Roberts' staff hosted USDA officials on a tour of the Biosecurity Research Institute, housed in Pat Roberts Hall at Kansas State University, Manhattan, to observe the bio and agro-defense research expertise already present in Kansas. Manhattan was selected for the final rounds of site selection for the new NBAF. DHS originally considered 17 sites in 12 states and in July narrowed down the sites under consideration to five.

The current step in the site selection process is an environmental impact study projected to be completed in 2008 with the public comment period ending today. Upon completion of the studies, DHS will then choose the location of the new NBAF. Construction is set to begin 2010.

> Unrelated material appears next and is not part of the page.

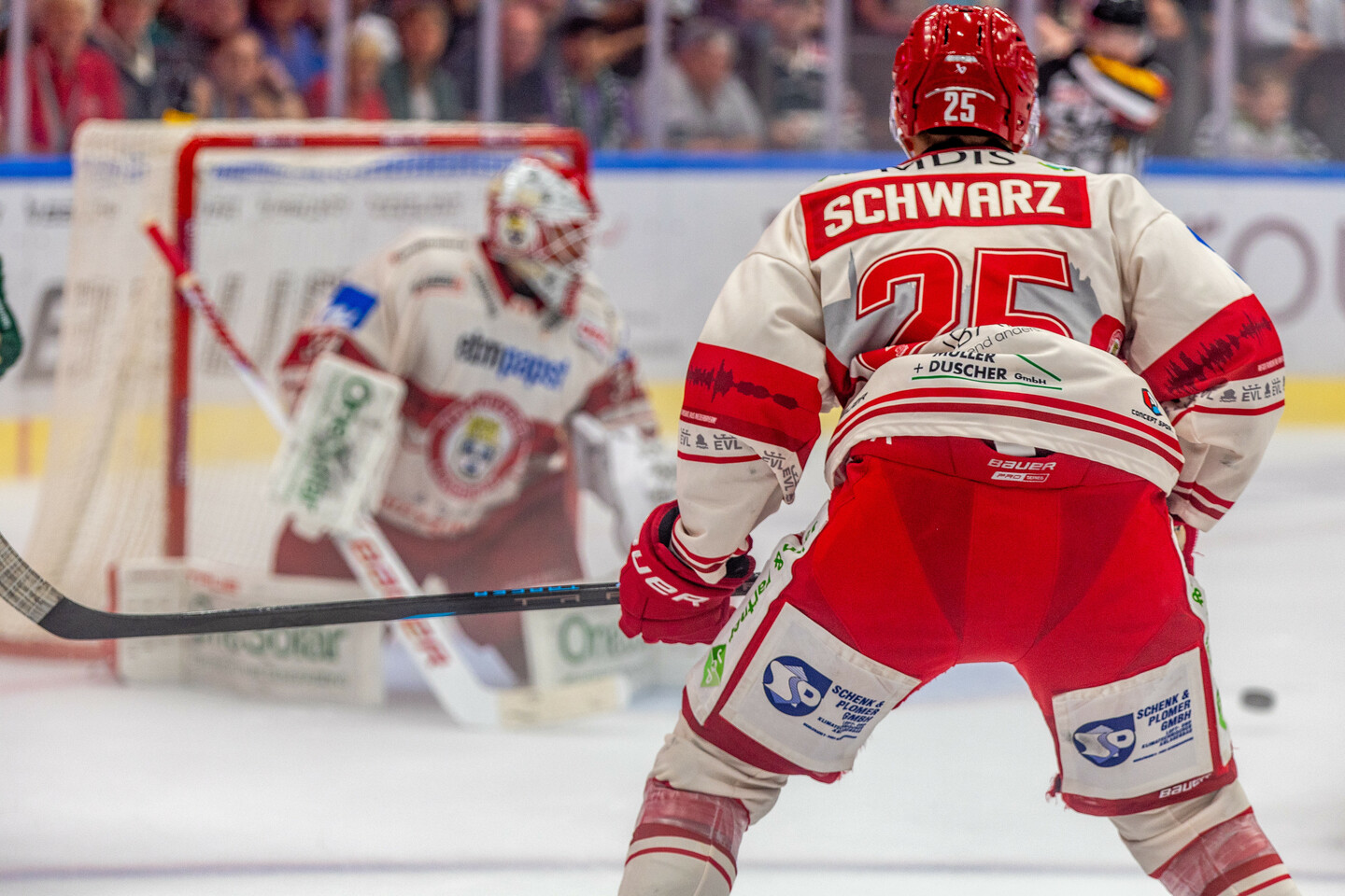Beim EVL gab ́s im Vergleich zum Auftaktsieg eine Änderung im Line-up: Für Alex Dersch (Oberkörperverletzung) rückte Elias Lindner in die Abwehr, die Acht-Tore- Offensive vom Freitag kam in der gleichen Formation aufs Eis, im Tor stand erneut Jonas Langmann. Wäre der Spielort nicht Rosenheim gewesen, hätte man im ersten Drittel Busbeine bei den Landshutern vermuten können, die zunächst arg passiv agierten. Schon nach 110 Sekunden erzielte Luigi Calce das 1:0 für die Gastgeber, die danach am zweiten Treffer schnupperten. Wichtig für Spielstand und Moral war, dass die Rot- Weißen eine 62 Sekunden dauernde 3-gegen-5-Unterzahl (15./16.) killen konnten, so dass es nur mit einem Ein-Tor-Rückstand in die erste Pause ging.

Senator Roberts was appointed by Kansas Governor Kathleen Sebelius to be Honorary Chairman of the Kansas NBAF Task Force. Roberts is a senior member of the Senate Committee on Agriculture, Nutrition and Forestry.

Comments

Richard Heckler 7 years, 2 months ago

Wow. Sure is a lot of focus on Manhattan these days. Almost feels like the local special interests are injecting the scare tactic such as look at Manhattan move forward. There are probably some ghost town farm communities that could use some help.

Lawrence, there is no need to panic. If the powers that be would look forward and put energy into attracting the green collar industry Lawrence would be money ahead. These jobs are not necessarily employment that can be outsourced and might not come looking for tax abatements which Lawrence cannot afford.

This government lab may well come with polluting activity which again Lawrence cannot afford.

cowboy 7 years, 2 months ago

Its Manhappenin Merrill as opposed to Lawrence where the answer is definitely lets have a committee study it and then develop a plan , then study whether it fits the plan , then deny it , then get sued , then try to negotiate it , then say no , then say yes , then whine about it , then file a lawsuit , .......... and then the rest of the story.